Top of Listed records
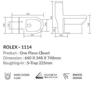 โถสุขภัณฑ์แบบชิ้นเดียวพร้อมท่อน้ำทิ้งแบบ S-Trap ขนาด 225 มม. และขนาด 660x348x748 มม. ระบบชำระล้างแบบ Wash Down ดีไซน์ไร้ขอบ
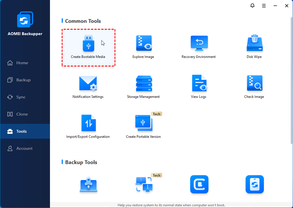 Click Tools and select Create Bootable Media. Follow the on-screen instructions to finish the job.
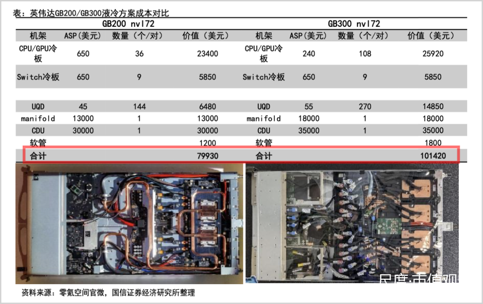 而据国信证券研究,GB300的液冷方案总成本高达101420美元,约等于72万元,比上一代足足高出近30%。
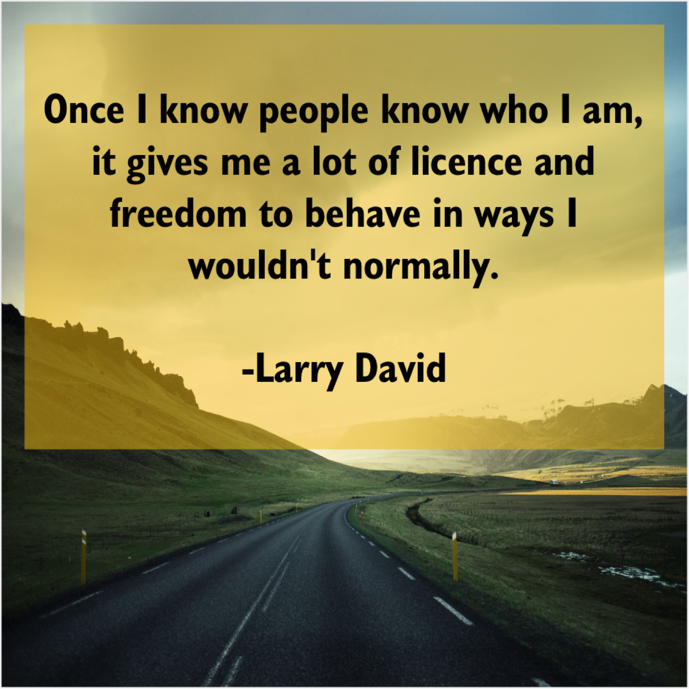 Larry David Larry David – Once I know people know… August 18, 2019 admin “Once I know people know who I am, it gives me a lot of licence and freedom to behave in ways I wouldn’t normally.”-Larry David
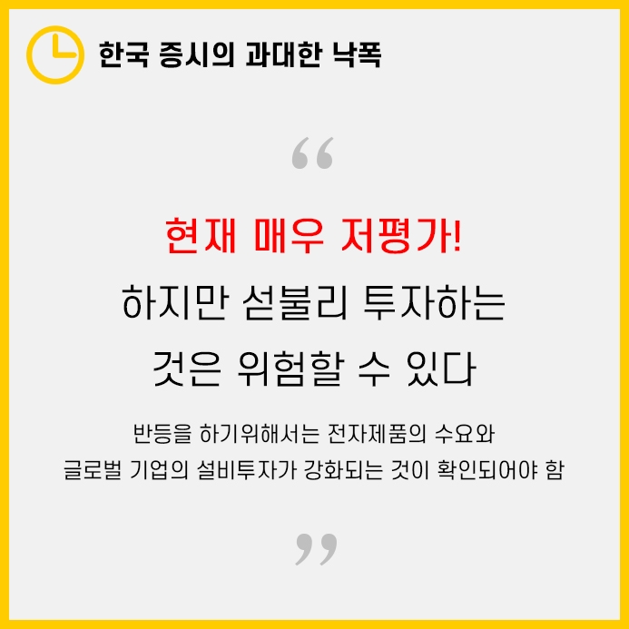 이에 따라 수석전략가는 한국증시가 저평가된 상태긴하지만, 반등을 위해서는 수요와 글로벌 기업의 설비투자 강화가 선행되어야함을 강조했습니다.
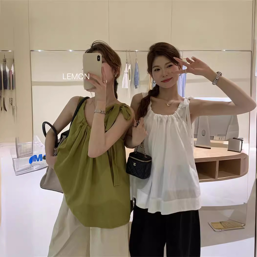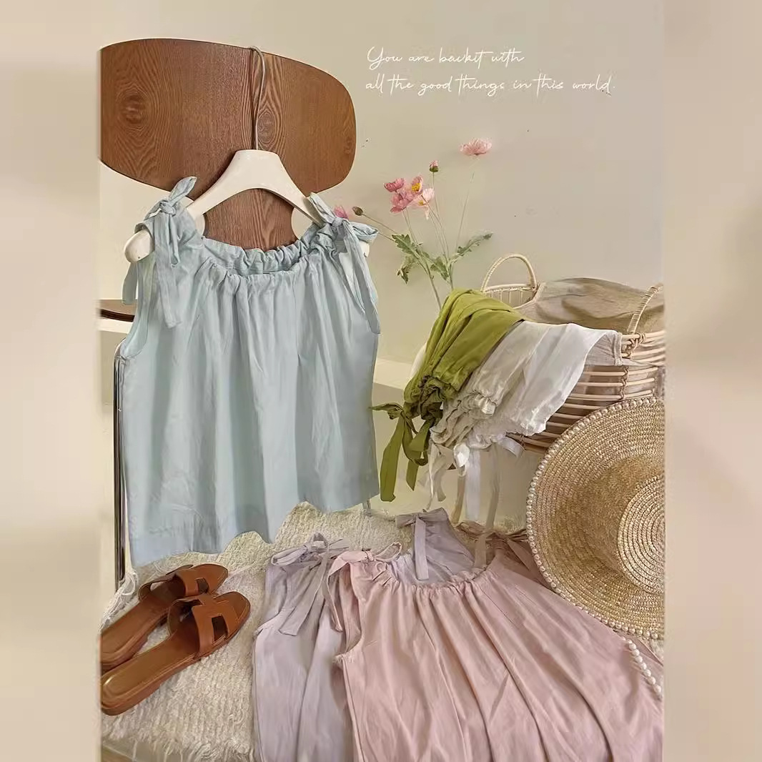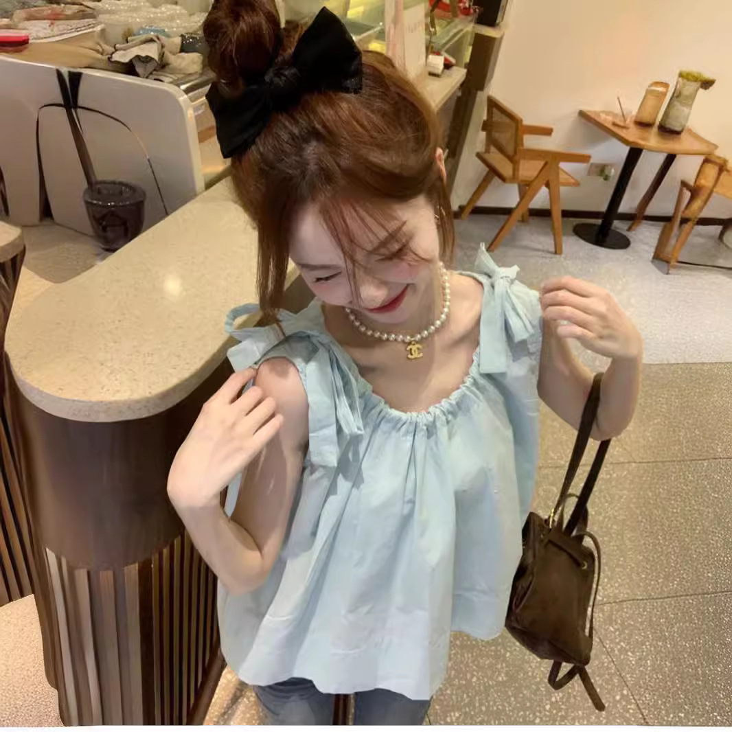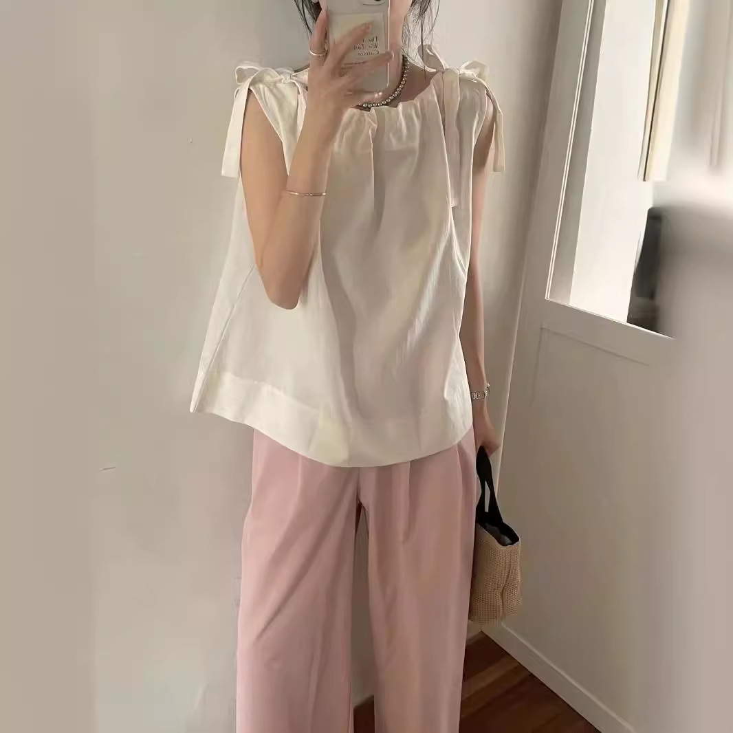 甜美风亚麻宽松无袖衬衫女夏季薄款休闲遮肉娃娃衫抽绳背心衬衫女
Bottom of Listed records
● Task to complete: Please write out, word for word, only the lines from the one holding "而据国信证券研究,GB300" through the end of the records above, with both end lines included and the pictures dropped.

● Task output:
 而据国信证券研究,GB300的液冷方案总成本高达101420美元,约等于72万元,比上一代足足高出近30%。
 Larry David Larry David – Once I know people know… August 18, 2019 admin “Once I know people know who I am, it gives me a lot of licence and freedom to behave in ways I wouldn’t normally.”-Larry David
 이에 따라 수석전략가는 한국증시가 저평가된 상태긴하지만, 반등을 위해서는 수요와 글로벌 기업의 설비투자 강화가 선행되어야함을 강조했습니다.
 甜美风亚麻宽松无袖衬衫女夏季薄款休闲遮肉娃娃衫抽绳背心衬衫女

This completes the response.